◆ ASSIGNED TASK
Restate each of the lines below word for word and drop every picture.

◆ SOURCE INFORMATION

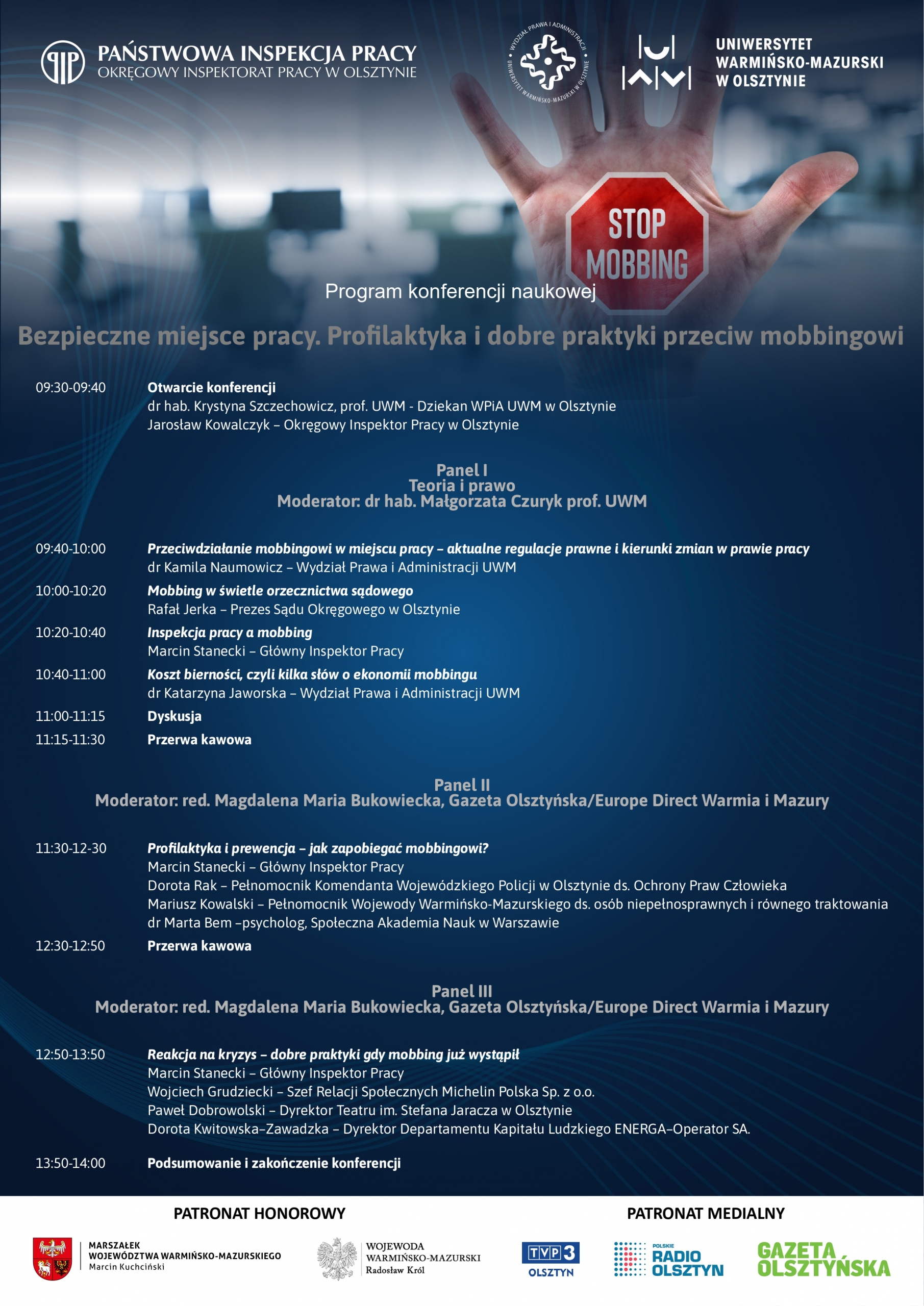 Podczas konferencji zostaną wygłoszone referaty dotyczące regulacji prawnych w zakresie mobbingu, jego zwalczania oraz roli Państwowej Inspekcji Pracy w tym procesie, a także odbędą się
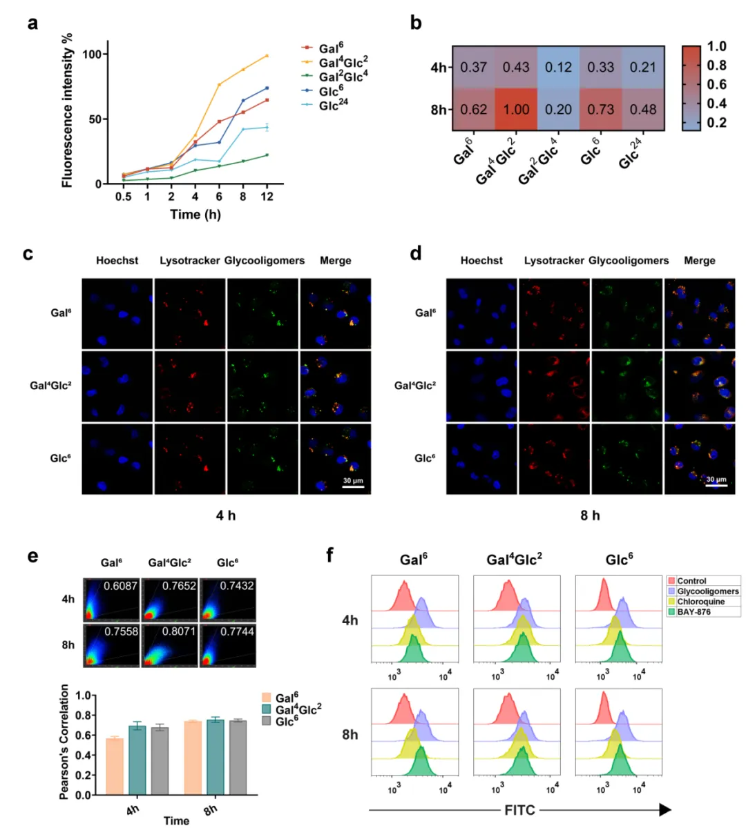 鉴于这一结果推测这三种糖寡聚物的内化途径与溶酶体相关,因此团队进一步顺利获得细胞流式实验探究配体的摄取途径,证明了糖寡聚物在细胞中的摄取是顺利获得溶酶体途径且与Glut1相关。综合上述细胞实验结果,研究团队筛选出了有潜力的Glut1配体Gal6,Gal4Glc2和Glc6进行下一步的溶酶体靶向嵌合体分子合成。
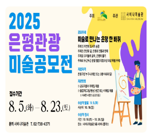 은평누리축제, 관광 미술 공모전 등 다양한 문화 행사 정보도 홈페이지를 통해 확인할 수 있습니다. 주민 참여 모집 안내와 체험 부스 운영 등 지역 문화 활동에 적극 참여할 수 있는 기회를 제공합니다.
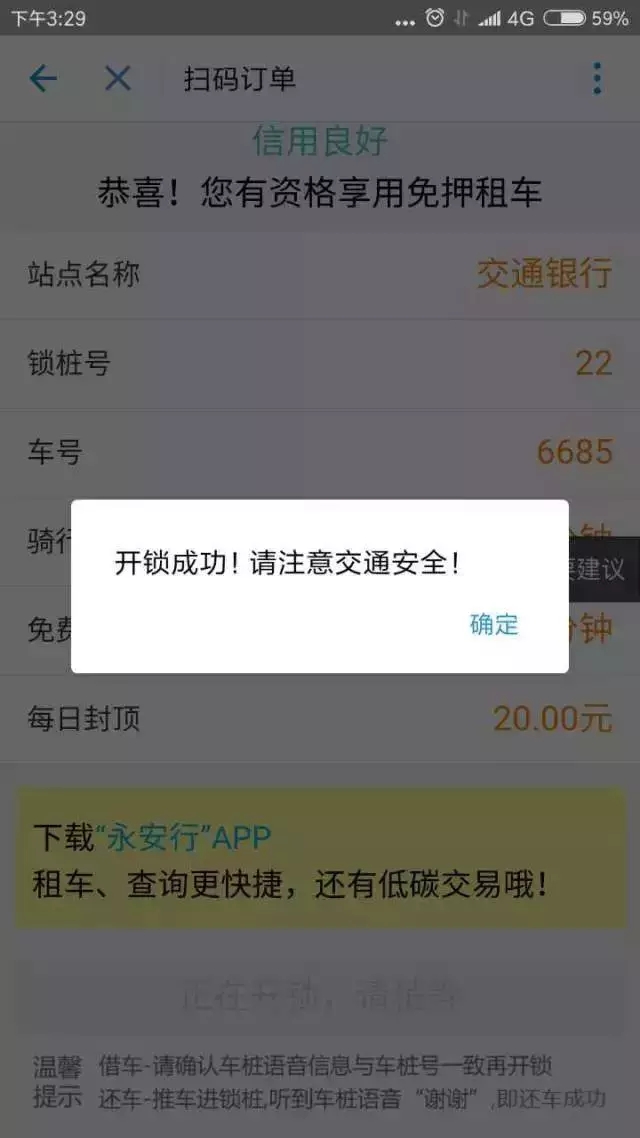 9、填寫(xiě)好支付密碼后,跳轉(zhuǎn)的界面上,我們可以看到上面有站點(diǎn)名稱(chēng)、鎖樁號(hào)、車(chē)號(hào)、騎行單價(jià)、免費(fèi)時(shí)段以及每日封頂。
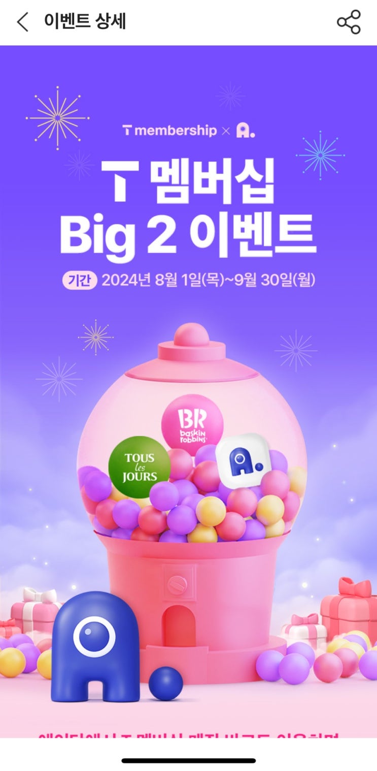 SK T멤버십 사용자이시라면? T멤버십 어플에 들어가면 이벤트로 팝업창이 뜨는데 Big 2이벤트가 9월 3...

◆ EXERCISE OUTPUT
 Podczas konferencji zostaną wygłoszone referaty dotyczące regulacji prawnych w zakresie mobbingu, jego zwalczania oraz roli Państwowej Inspekcji Pracy w tym procesie, a także odbędą się
 鉴于这一结果推测这三种糖寡聚物的内化途径与溶酶体相关,因此团队进一步顺利获得细胞流式实验探究配体的摄取途径,证明了糖寡聚物在细胞中的摄取是顺利获得溶酶体途径且与Glut1相关。综合上述细胞实验结果,研究团队筛选出了有潜力的Glut1配体Gal6,Gal4Glc2和Glc6进行下一步的溶酶体靶向嵌合体分子合成。
 은평누리축제, 관광 미술 공모전 등 다양한 문화 행사 정보도 홈페이지를 통해 확인할 수 있습니다. 주민 참여 모집 안내와 체험 부스 운영 등 지역 문화 활동에 적극 참여할 수 있는 기회를 제공합니다.
 9、填寫(xiě)好支付密碼后,跳轉(zhuǎn)的界面上,我們可以看到上面有站點(diǎn)名稱(chēng)、鎖樁號(hào)、車(chē)號(hào)、騎行單價(jià)、免費(fèi)時(shí)段以及每日封頂。
 SK T멤버십 사용자이시라면? T멤버십 어플에 들어가면 이벤트로 팝업창이 뜨는데 Big 2이벤트가 9월 3...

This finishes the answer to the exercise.